National Museum of American Jewish History comes out of bankruptcy


(JTA) – The National Museum of American Jewish History in Philadelphia will come out of bankruptcy in the coming weeks after a former administrator stepped in to buy the museum building and rent it for a nominal monthly rent of $ 1,000.

Mitchell Morgan, a local real estate CEO, will pay the museum around $ 10 million for its downtown property under a plan approved by a federal judge on Wednesday.

The plan also settles a debt with bondholders, including Morgan, who agreed to accept $ 14 million less than they were owed.

“We live in a time that requires us to reflect on our values, and a time when our country needs institutions like the National Museum of American Jewish History that represent freedom and inclusiveness,” Morgan said in a statement.

The deal allows the museum to buy back its building after 42 months for the sale price of $ 10.1 million plus 4%, Bloomberg Law reported.

The museum filed for bankruptcy in March 2020 because it could not afford the debt for the construction of its new building, which opened on Independence Mall in 2010.

Jay Rosenblatt, National Museum of American Jewish History (credit: Jay Rosenblatt, National Museum of American Jewish)
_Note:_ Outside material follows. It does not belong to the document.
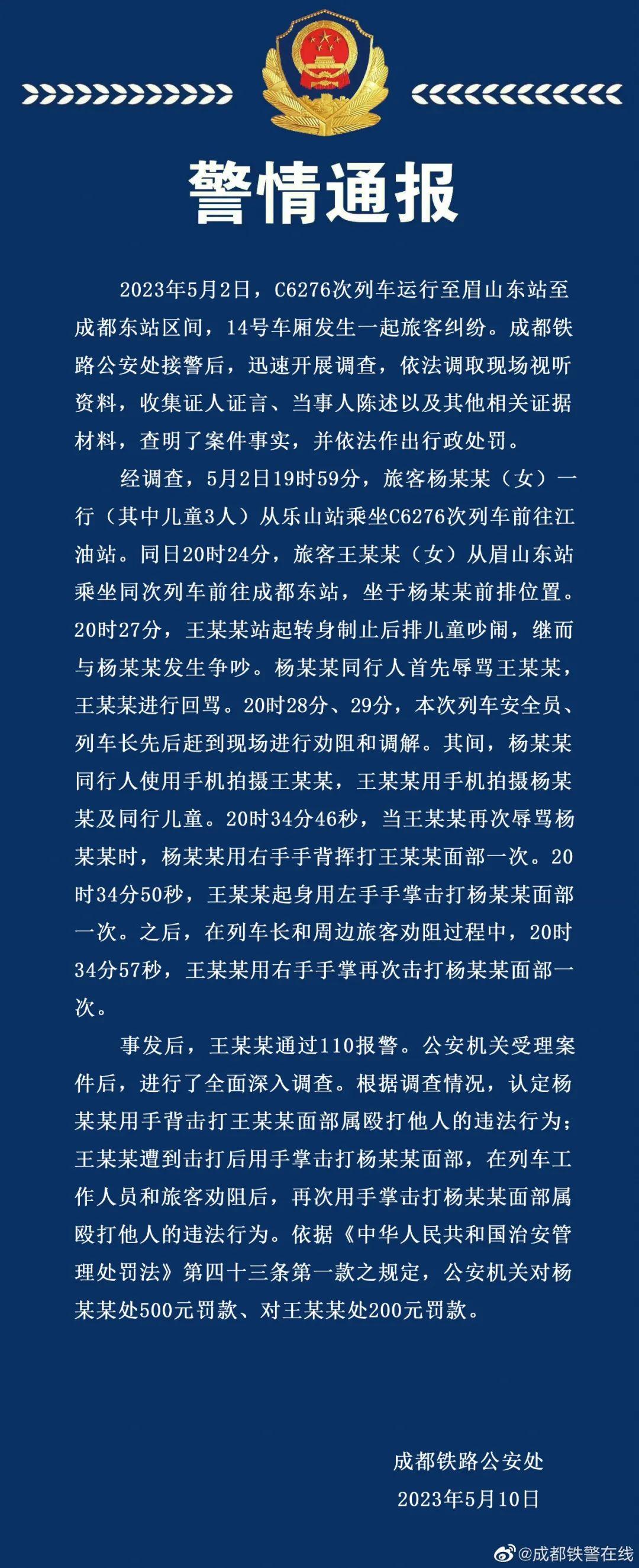 面對(duì)網(wǎng)絡(luò)質(zhì)疑,5月10日,成都鐵路公安處官方微博“@成都鐵警在線”發(fā)布警情通報(bào)稱(chēng),根據(jù)調(diào)查情況,認(rèn)定楊某某用手背擊打王某某面部屬毆打他人的違法行為;王某某遭到擊打后用手掌擊打楊某某面部,在列車(chē)工作人員和旅客勸阻后,再次用手掌擊打楊某某面部屬毆打他人的違法行為。警方據(jù)此認(rèn)為雙方均違反治安管理處罰法,并處以不同金額的罰款。隨后,四川廣播電視臺(tái)“@四川觀察”、封面新聞公布現(xiàn)場(chǎng)視頻,涉及列車(chē)車(chē)廂監(jiān)控、列車(chē)長(zhǎng)巡檢記錄儀、當(dāng)事雙方手機(jī)所拍視頻等多個(gè)角度,直觀地呈現(xiàn)雙方發(fā)生爭(zhēng)執(zhí)繼而爆發(fā)肢體沖突的過(guò)程。網(wǎng)絡(luò)討論熱度再次攀升,微博上形成“#高鐵掌摑事件雙方曾多次對(duì)罵#”“#高鐵被打女子2次打人被認(rèn)定違法#”“#王某某被打后兩次掌摑楊某某#”等多個(gè)話(huà)題,不少網(wǎng)民一改之前支持王某某的立場(chǎng)。但部分網(wǎng)民仍從情感角度出發(fā),質(zhì)疑官方對(duì)視頻進(jìn)行二次剪輯,認(rèn)為警方苛求被打者還擊的間隔時(shí)間有失公平。

The following month, the pandemic and bankruptcy process led the museum to lay off two-thirds of its staff, the bankruptcy rendering the institution ineligible for federal relief under the Paycheck Protection Program.

The museum was closed to visitors for public health reasons and has since operated virtually. A reopening date is coming, the museum said in an update released in July.

Museum CEO Misha Galperin responded to the bankruptcy deal by calling Morgan a “mensch and a hero.”

“The initiative that Mitch and his family have shown brings stability to this Philadelphia institution and preserves a magnificent treasure for the Jewish community, for the city of Philadelphia and for our nation,” Galperin said in a statement.